INSTRUCTIONS TO FOLLOW: Please restate word for word the lines of the entries below from the one with "剑侠情缘手游 任脉,打通经脉技巧,提升角色战力" to the one with "Diagram illustrating the", inclusive, and leave out every picture.

RECORDS PROVIDED:
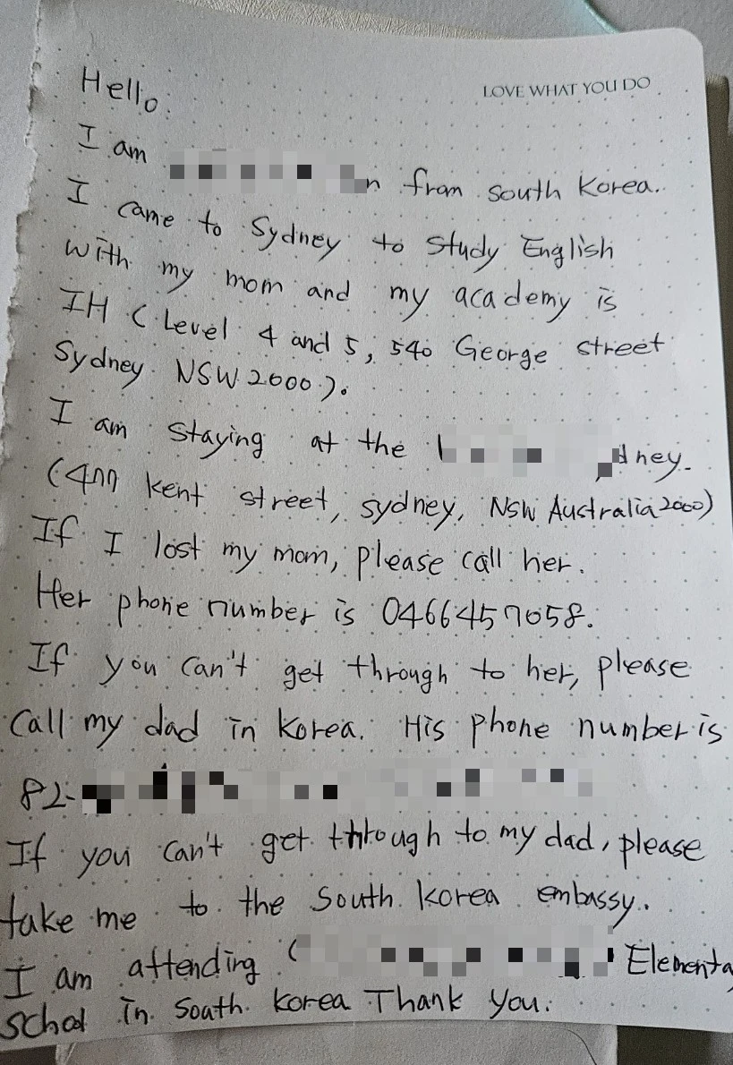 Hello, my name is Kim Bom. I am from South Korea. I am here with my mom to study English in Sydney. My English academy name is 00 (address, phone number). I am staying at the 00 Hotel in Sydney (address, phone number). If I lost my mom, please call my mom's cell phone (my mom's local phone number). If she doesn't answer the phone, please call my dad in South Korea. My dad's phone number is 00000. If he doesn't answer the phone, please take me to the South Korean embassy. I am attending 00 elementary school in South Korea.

---

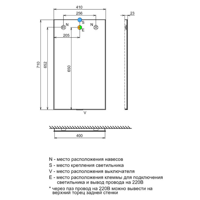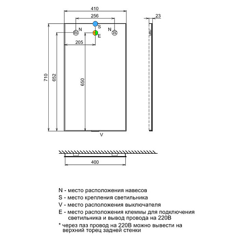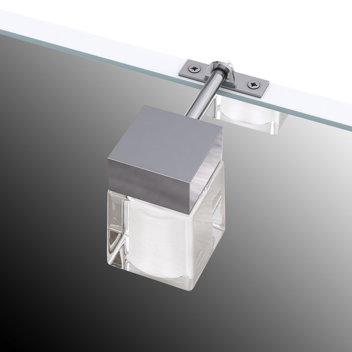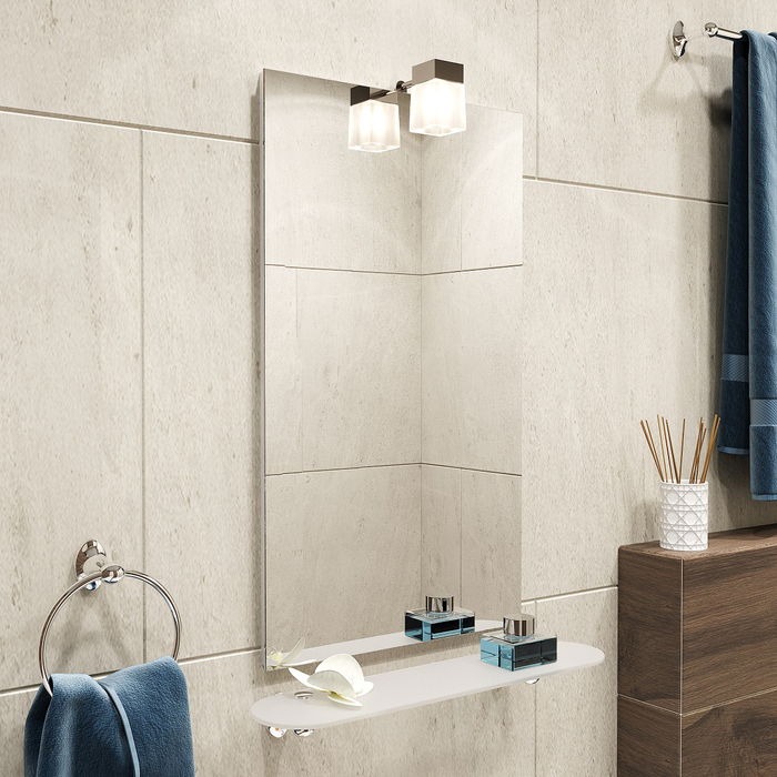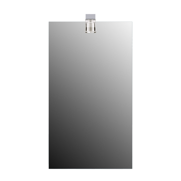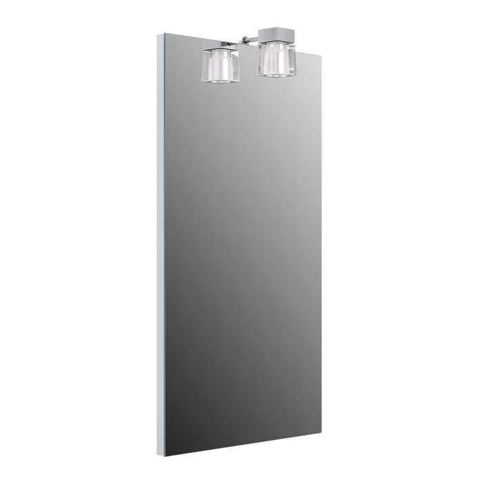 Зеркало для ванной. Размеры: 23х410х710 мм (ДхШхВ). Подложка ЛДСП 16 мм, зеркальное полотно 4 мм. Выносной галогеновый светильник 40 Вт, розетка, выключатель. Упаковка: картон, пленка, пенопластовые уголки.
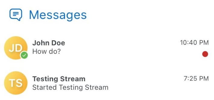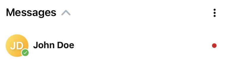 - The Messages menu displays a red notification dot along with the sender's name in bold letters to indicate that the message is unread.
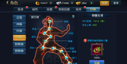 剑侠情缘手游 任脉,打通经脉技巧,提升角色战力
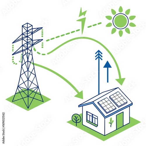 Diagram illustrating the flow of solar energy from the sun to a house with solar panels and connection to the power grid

SOLUTION TO THIS PROBLEM:
 剑侠情缘手游 任脉,打通经脉技巧,提升角色战力
 Diagram illustrating the flow of solar energy from the sun to a house with solar panels and connection to the power grid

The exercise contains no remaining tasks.